EXERCISE AIM: Without any of its pictures, the listing below should be output exactly.

GIVEN DATA:
————————

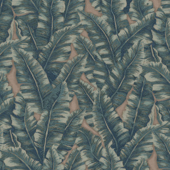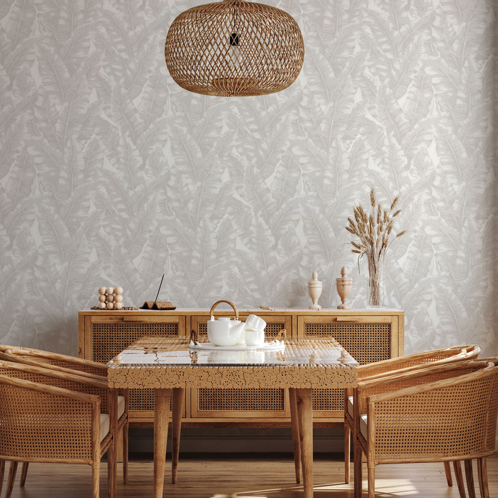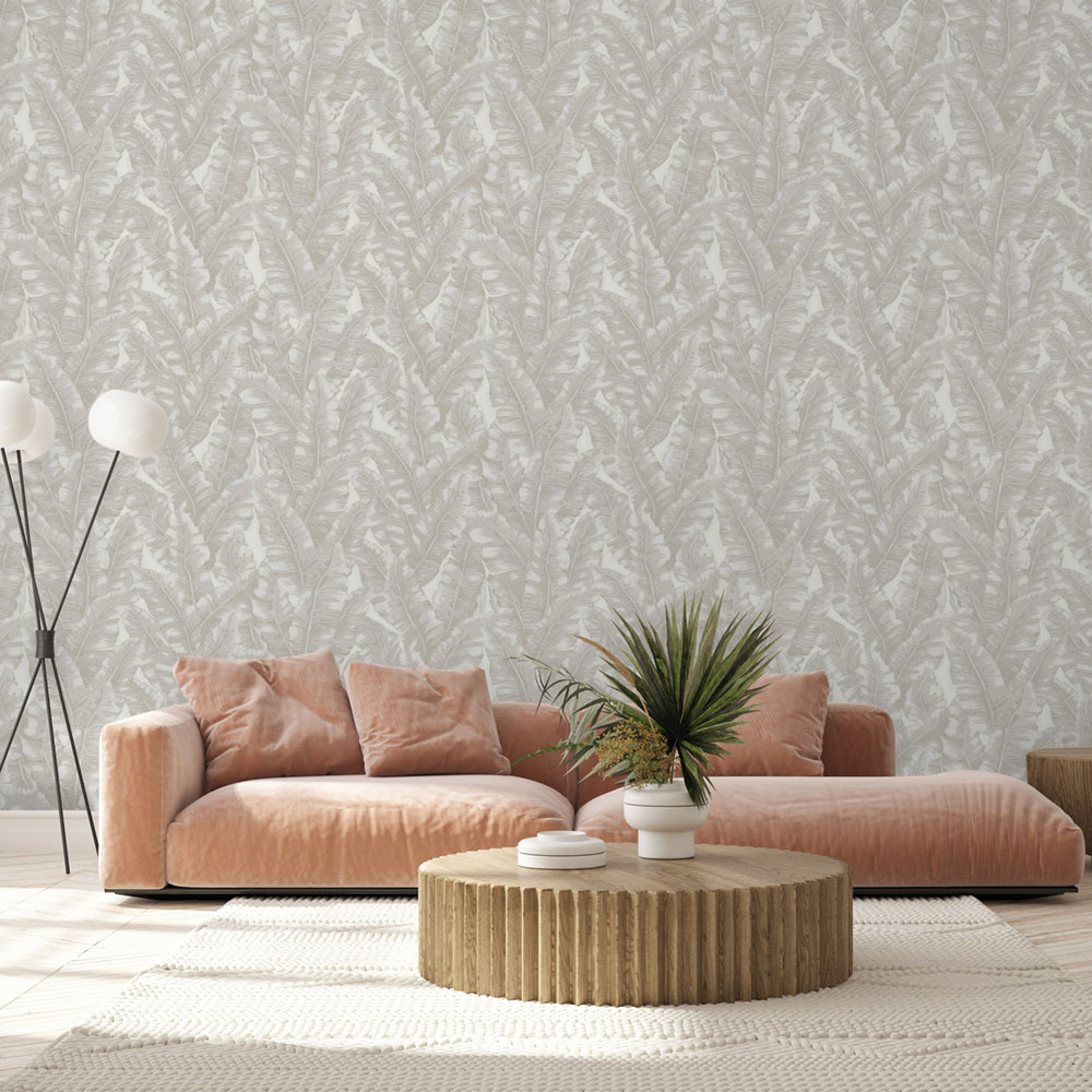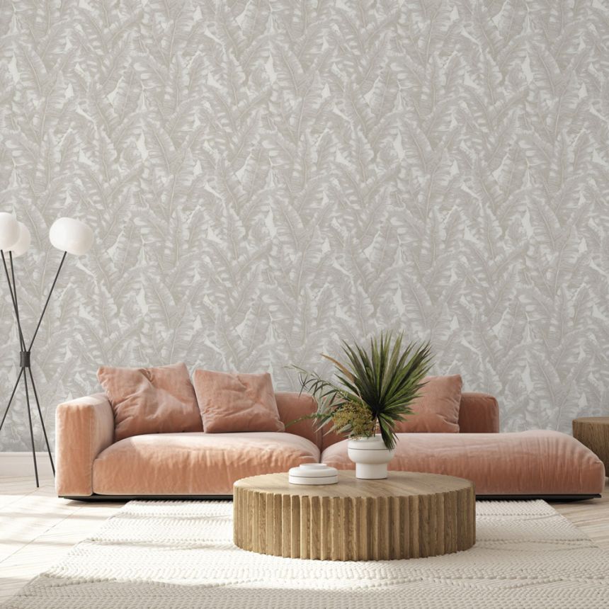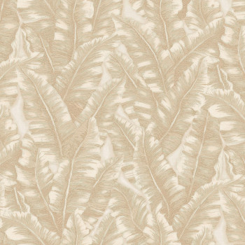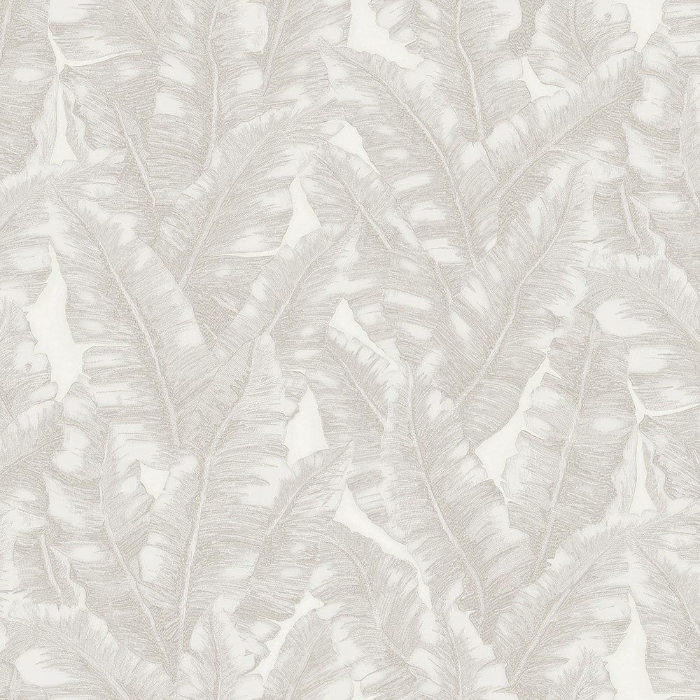 Luxuriöse Vliestapete mit Vinyloberfläche, Bananenblatt-Motive in halbglänzenden Cremetönen.
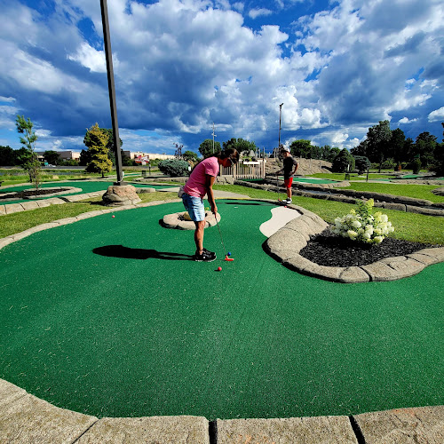 Apex Sports & Entertainment is a multi-sport entertainment venue featuring a comprehensive range of activities. The facility includes four indoor TrackMan golf simulator bays, an outdoor driving range, an 18-hole dinosaur-themed miniature golf course, four sand volleyball courts, and upcoming batting cages. A full-service bar offers snacks, drinks, and local brews to complement the experience. The simulators are available by reservation or walk-in, with options for individual practice, group play, and various leagues. They cater to all skill levels, from beginners to serious golfers, as well as those seeking family-friendly entertainment or corporate events.
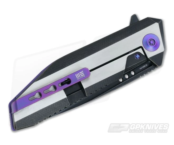The model 602 is a fresh new in house design with a striking tanto blade from WE Knives. A zesty flipper, this hefty knife has a solid feel and great build quality. This version of the 602 has a black frame with satin finished titanium flats and anodized purple hardware. Comes packaged brand new, direct from WE Knife Co.

————————

ANSWER BELOW:
 Luxuriöse Vliestapete mit Vinyloberfläche, Bananenblatt-Motive in halbglänzenden Cremetönen.
 Apex Sports & Entertainment is a multi-sport entertainment venue featuring a comprehensive range of activities. The facility includes four indoor TrackMan golf simulator bays, an outdoor driving range, an 18-hole dinosaur-themed miniature golf course, four sand volleyball courts, and upcoming batting cages. A full-service bar offers snacks, drinks, and local brews to complement the experience. The simulators are available by reservation or walk-in, with options for individual practice, group play, and various leagues. They cater to all skill levels, from beginners to serious golfers, as well as those seeking family-friendly entertainment or corporate events.
The model 602 is a fresh new in house design with a striking tanto blade from WE Knives. A zesty flipper, this hefty knife has a solid feel and great build quality. This version of the 602 has a black frame with satin finished titanium flats and anodized purple hardware. Comes packaged brand new, direct from WE Knife Co.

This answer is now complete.